Meanwhile, Charles III celebrates his twentieth birthday.

Jacobite 1740.PNG
 
For a brief point, we look at Europe on the precipice of war, in late 1740. The war in Germany is beginning to be fought, the main battlefields being Saxony and Bohemia. Bavaria has yet to make their strike into the heart of Austria or Tirol.
Meanwhile, Charles III celebrates his twentieth birthday.
...
Goooo Bavaria! :D
I have to say, very interesting! Gah, why can't I make timelines like this for Bavaria or Carthage... *hits self*
 
The ones that are spared are Episcopalians and Anglicans, who are deemed "near enough" to the Catholics that they ignore them.
Episcopalians are Anglicans outside Britian after the ARW, which cut them off from the king of England.
 
1733-
The War of the Polish Succession begins.
Triggered by Augustus II's death, the war degenerates into a bidding match between Russia and France for influence in Poland. The French candidate, Stanislaus I, fights against the rightful claimant, Augustus III, in a horrendously bloody civil war in Poland itself. Meanwhile, France and Spain engage themselves in war with Saxony, Austria, and Russia across Central Europe.

1734-1738-
The war is waged and concludes, when Britain joins the French side of the war. The combined weight causes the other powers to falter, and the Peace of Vienna establishes Stanislaus I as Grand Duke of Lithuania and Duke of Lorraine, and Augustus III as King of Poland, separating the two countries which had been bound in union for over 300 years. [...]

...why did you put Stanislaus as a ruler of Lithuania, and Augustus of The Crown (Poland)?
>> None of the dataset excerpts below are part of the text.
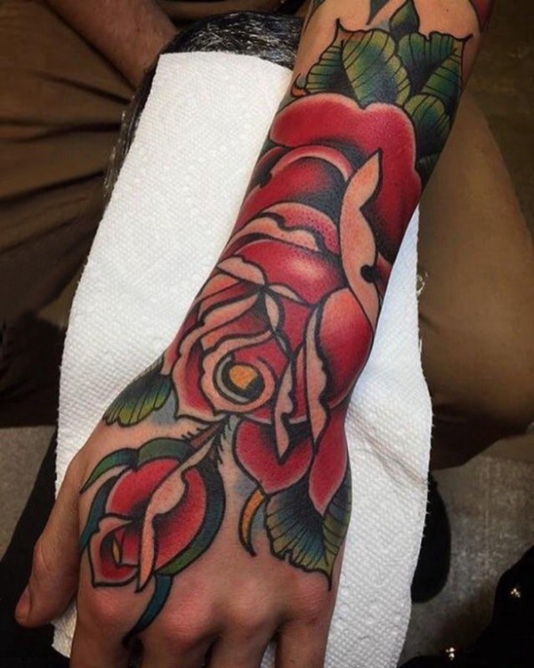 欧美玫瑰纹身 男生手臂上花朵纹身图片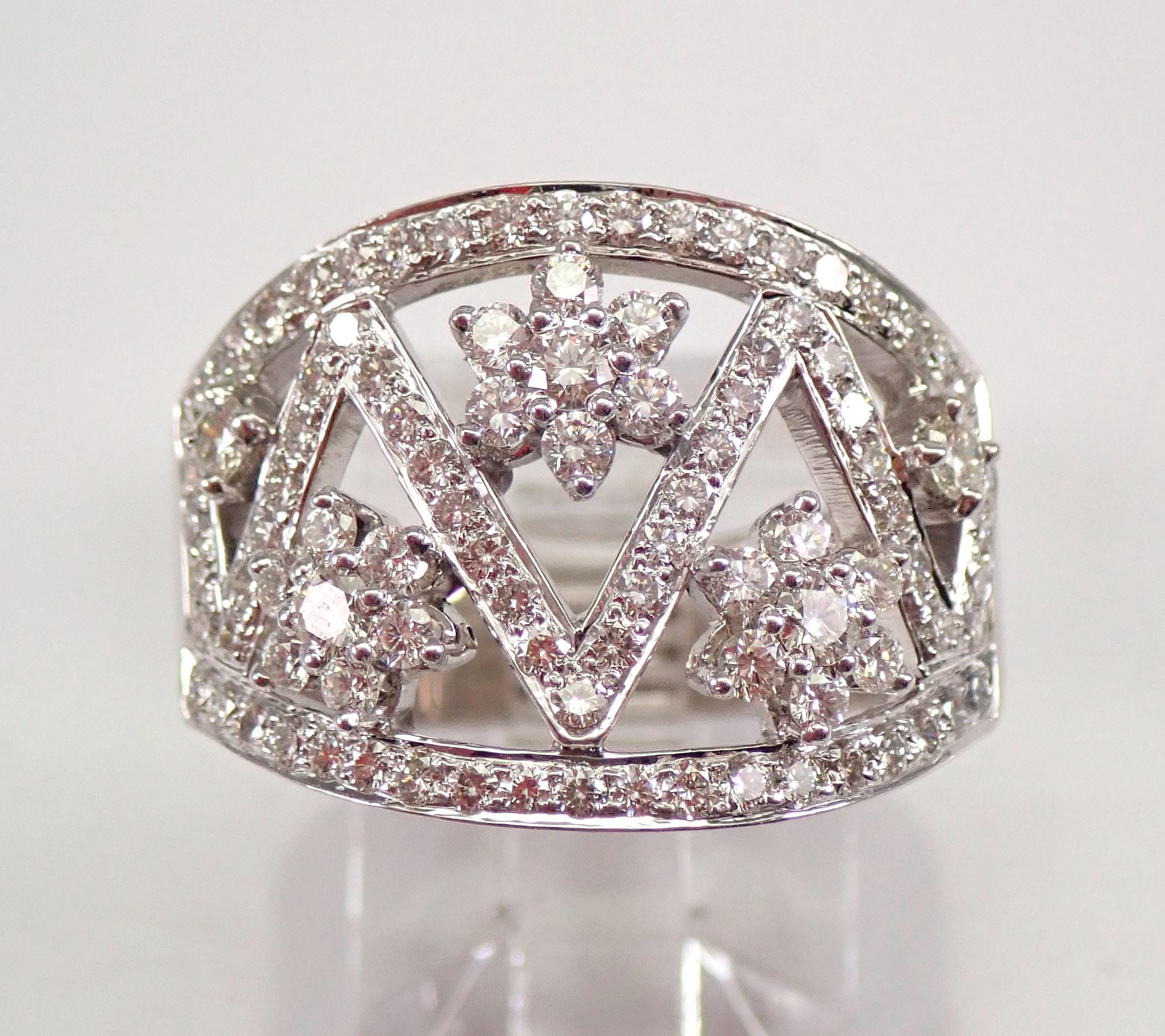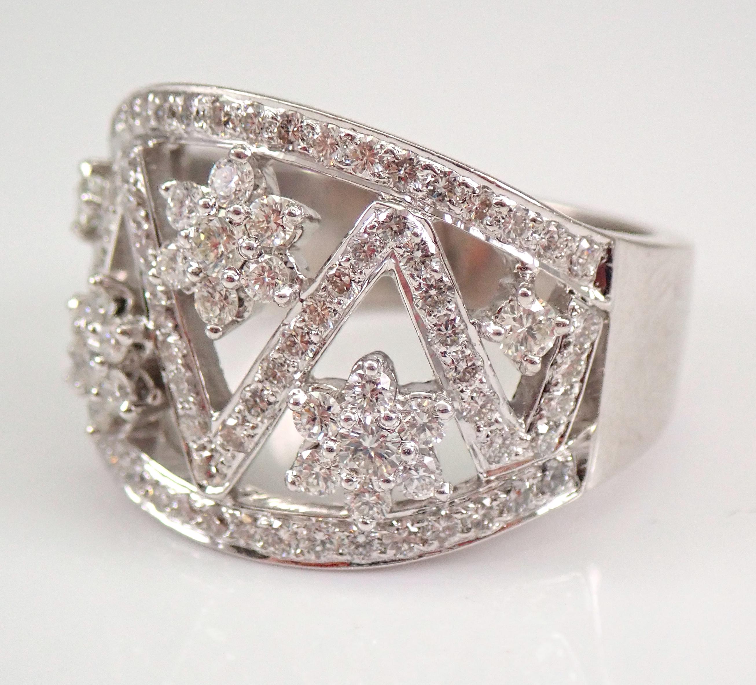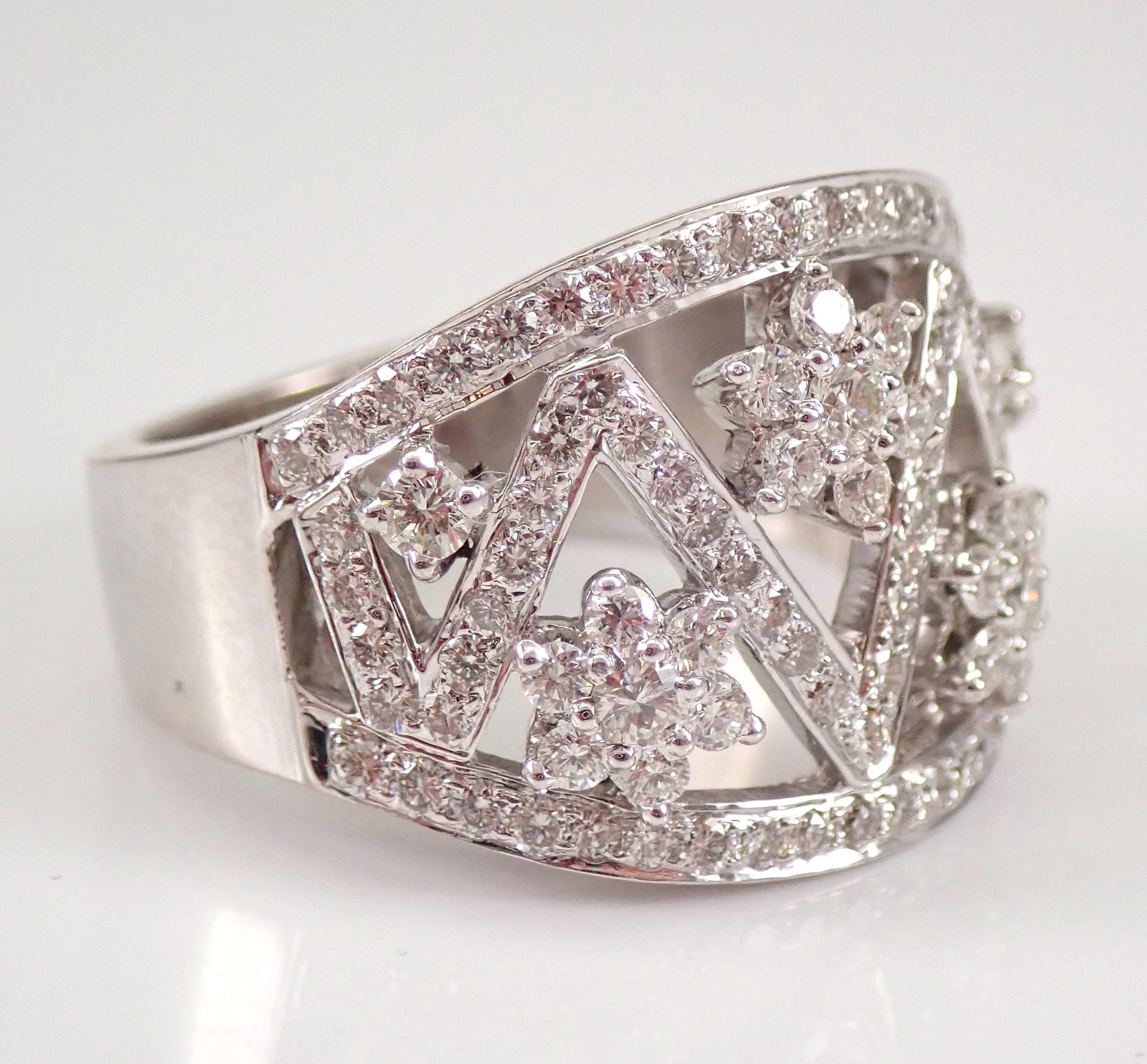 18K White Gold Diamond Wedding Ring Anniversary Band. This is a very beautiful ring set with ninety-eight genuine Round Brilliant Diamonds. These diamonds are G color, SI/VS clarity and weigh a total of 1.22 carats. The ring is 18 KT White Gold, weighs 10.2 grams, measures 15.5 mm in width and is a finger size 6.5, can be resized free of charge (please inquire about sizing with the finger size you need). This ring will be accompanied by an appraisal by a GIA Certified Diamond Grader with the retail replacement value of $6,295.00. I will ship this ring promptly in a gift box.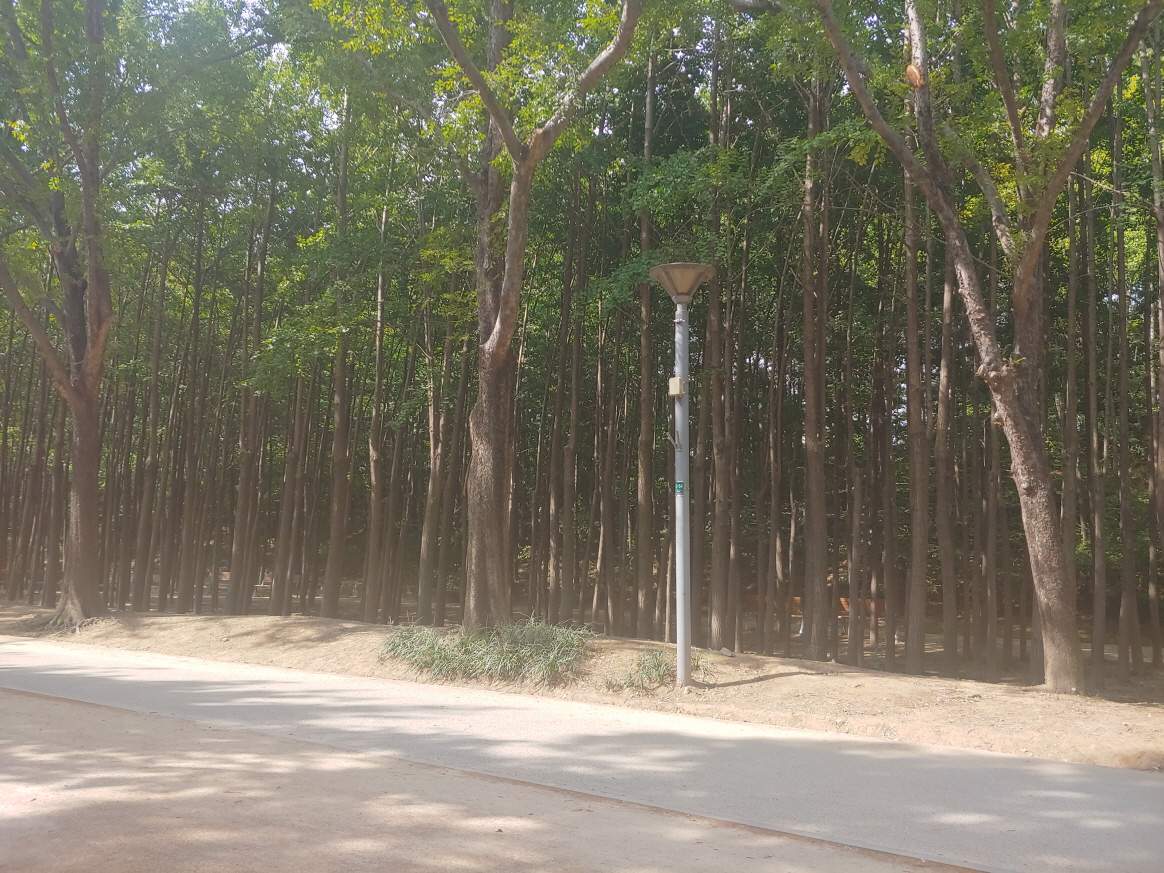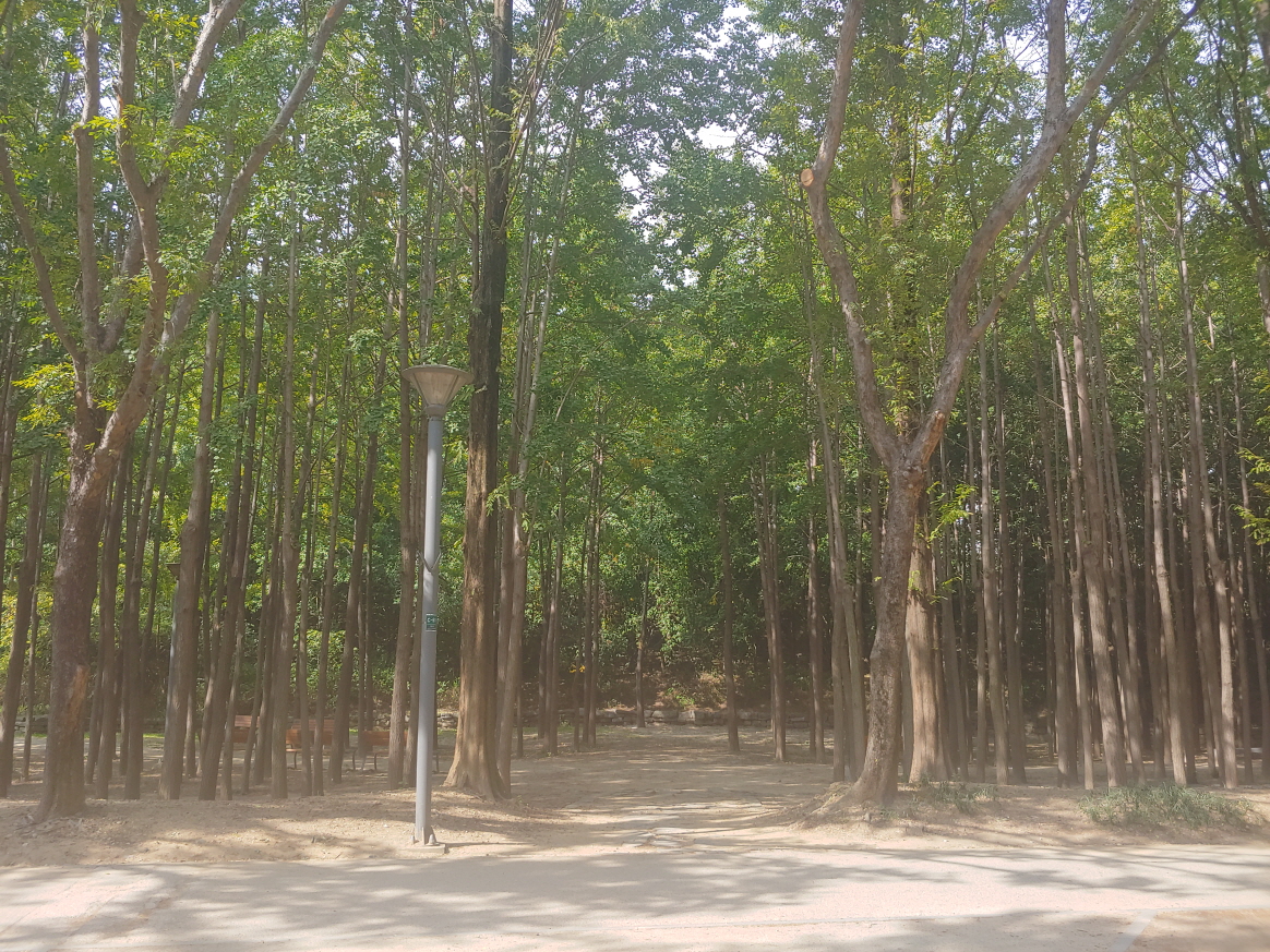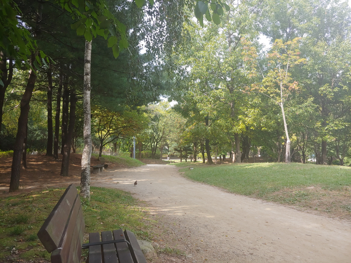 구석구석 돌아다니지는 않고 큰 길을 따라 한 바퀴 돌았다. 여기저기 앉아서 쉴 수 있는 벤치들이 보였다. 입구 근처에는 운동기구도 있었다.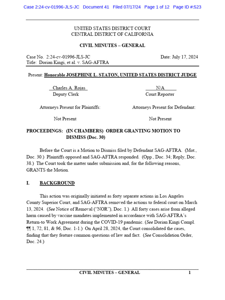 Before the Court is a Motion to Dismiss filed by Defendant SAG-AFTRA. (Mot.,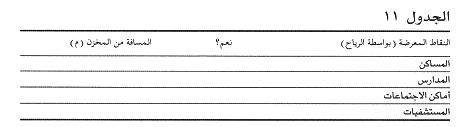 يستخدم الجدول 11 لتسجيل جميع المواقع المعرضة للتلوث في المنطقة المجاورة للمخزن (في حدود دائرة نصف قطرها 300 متر)، والتي يمكن أن تكون الطبقة السطحية للتربة قد لوثت بواسطة الرياح.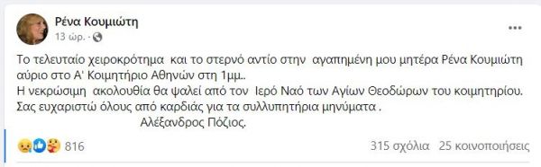 «Το τελευταίο χειροκρότημα και το στερνό αντίο στην αγαπημένη μου μητέρα Ρένα Κουμιώτη στο Α’ Κοιμητήριο Αθηνών στη 1μμ.. Η νεκρώσιμη ακολουθία θα ψαλεί από τον Ιερό Ναό των Αγίων Θεοδώρων του κοιμητηρίου. Σας ευχαριστώ όλους από καρδιάς για τα συλλυπητήρια μηνύματα . Αλέξανδρος Πόζιος» ήταν το μήνυμα που ανέβηκε στον λογαριασμό της Ρένας Κουμιώτη.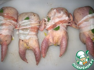 На грудку каждой перепелки положить по листику шалфея, обернуть беконом, закрепить бекон зубочисткой.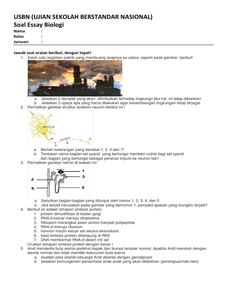 Usbn Ujian Sekolah Berstandar Nasional Soal Essay Biologi
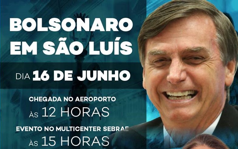 O deputado federal e pré-candidato a Presidente da República, Jair Bolsonaro (PSL) confirmou sua vinda para São Luís, no próximo dia 16 de junho (sábado).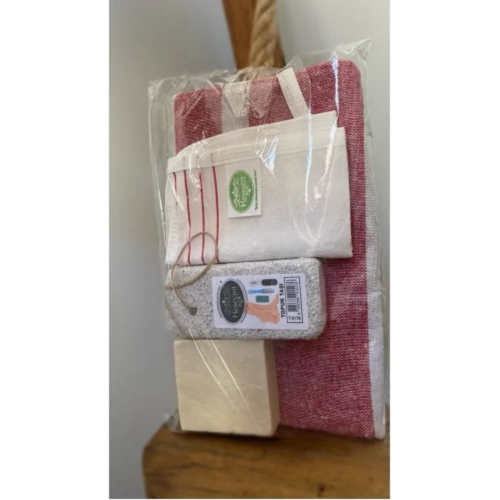 Hamam / Sauna / Duş / Plaj / Gelin Hamamı Seti ( Peştamel, Kese, Ponza Taşı , Doğal Hamam Sabunu ), hamam, sauna, duş, plaj ve gelin hamamı gibi farklı ortamlarda kullanıma uygun bir settir. Set, kaliteli malzemelerden üretilmiştir ve uzun ömürlüdür.Setin içeriği:%100 doğal pamuk malzemeden üretilmiş, yumuşak ve emici bir peştemaldir. Peştemal, ıslaklığı hızlı bir şekilde emerek vücudunuzu kurutmanıza ve üşümenizi önlemenize yardımcı olur. Ayrıca, cildinizi tahriş etmeyen yumuşak dokusu ile rahat bir kullanım sağlar.Kese: %100 doğal keten malzemeden üretilmiş, cilt temizliği ve ölü derilerden arındırma için kullanılan bir kesedir. Kese, cildinizin ölü derilerden arınmasına ve daha sağlıklı görünmesine yardımcı olur. Ayrıca, kan dolaşımını hızlandırarak cildinizin daha canlı görünmesini sağlar.Ponza Taşı: Nasır ve çatlakları gidermek için kullanılan bir taştır. Ponza taşı, nasır ve çatlakların giderilmesine yardımcı olur. Ayrıca, cildinizin daha pürüzsüz görünmesine yardımcı olur.Doğal Hamam Sabunu: Zeytinyağı, sabun otu ve gül suyu gibi doğal malzemelerden üretilmiş, cildin nemlenmesine ve yumuşamasına yardımcı olan bir sabundur. Doğal hamam sabunu, cildinizin nemlenmesine ve yumuşamasına yardımcı olur. Ayrıca, cildinizin doğal ışıltısını korumasına yardımcı olur.Setin faydaları:Kullanışlı ve pratiktir.Kaliteli malzemelerden üretilmiştir ve uzun ömürlüdür.Farklı ortamlarda kullanıma uygundur.Cildinizi temizler ve ölü derilerden arındırır.Nasır ve çatlakları gidermeye yardımcı olur.Saç ve sakal bakımını kolaylaştırır.Dikkat edilmesi gerekenler:Peştemal, kullanım sonrası ılık suda yıkanabilir ve ütülenebilir.Hamam tası, kullanım sonrası sabunlu suyla yıkanmalıdır.Kese, kullanım sonrası sabunlu suyla yıkanmalı ve sıkılmalıdır.Ponza taşı, kullanım sonrası sabunlu suyla yıkanmalıdır.Doğal Hamam Sabunu, kullanım sonrası kuru bir yerde saklanmalıdır.Hamam / Sauna / Duş / Plaj / Gelin Hamamı Seti ( Peştamel, Kese, Ponza Taşı , Doğal Hamam Sabunu ), hamam keyfinizi daha konforlu ve keyifli hale getirmeye yardımcı olacak bir settir.Seti aşağıdaki durumlarda kullanabilirsiniz:Hamam keyfiniz içinSauna keyfiniz içinDuş keyfiniz içinPlaj keyfiniz içinGelin hamamı için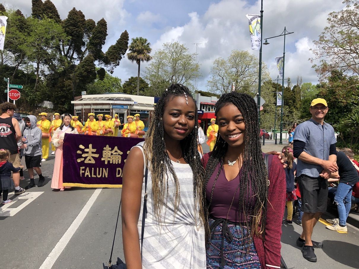 艾芙蒂(Evody)和辛西娅(Cynchia)俩姐妹开心地告诉记者,她们一家人一年前从南非移民来新西兰。她们很喜欢腰鼓队明亮的服装,阵阵鼓声都让她们回想起家乡,因为这种鼓声和他们家乡的鼓声很相似。她们非常喜欢在新西兰各种民族在一起,互相友爱,互相学习,分享各自不同的文化。这是一件非常美好的事,让她们有归属感。当得知中共迫害法轮功学员,她们觉得非常不可思议,因为打坐在她们看来是一件很棒的事情。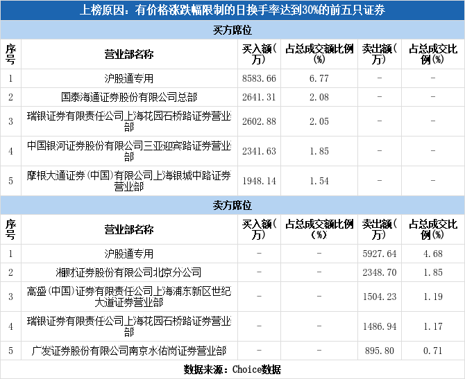 沪股通现身龙虎榜,航天环宇上涨10.99%(12-12)

It doesn't make sense - I don't see Russia agreeing to have Stanislaus rule lands closer to them (Lithuania)... More likely is Stanislaus getting the Crown...

Also, the map is wrong - everything south of Prypec - meaning Commonwealths' Ukraine was part of a Crown (Poland) not Lithuania, from 1567 onwards...
 
...why did you put Stanislaus as a ruler of Lithuania, and Augustus of The Crown (Poland)? It doesn't make sense - I don't see Russia agreeing to have Stanislaus rule lands closer to them (Lithuania)... More likely is Stanislaus getting the Crown...
Buffers it more erratically, preventing Lithuania from being too "cozy" with Russia, a point stipulated by the opposing powers (France and Spain).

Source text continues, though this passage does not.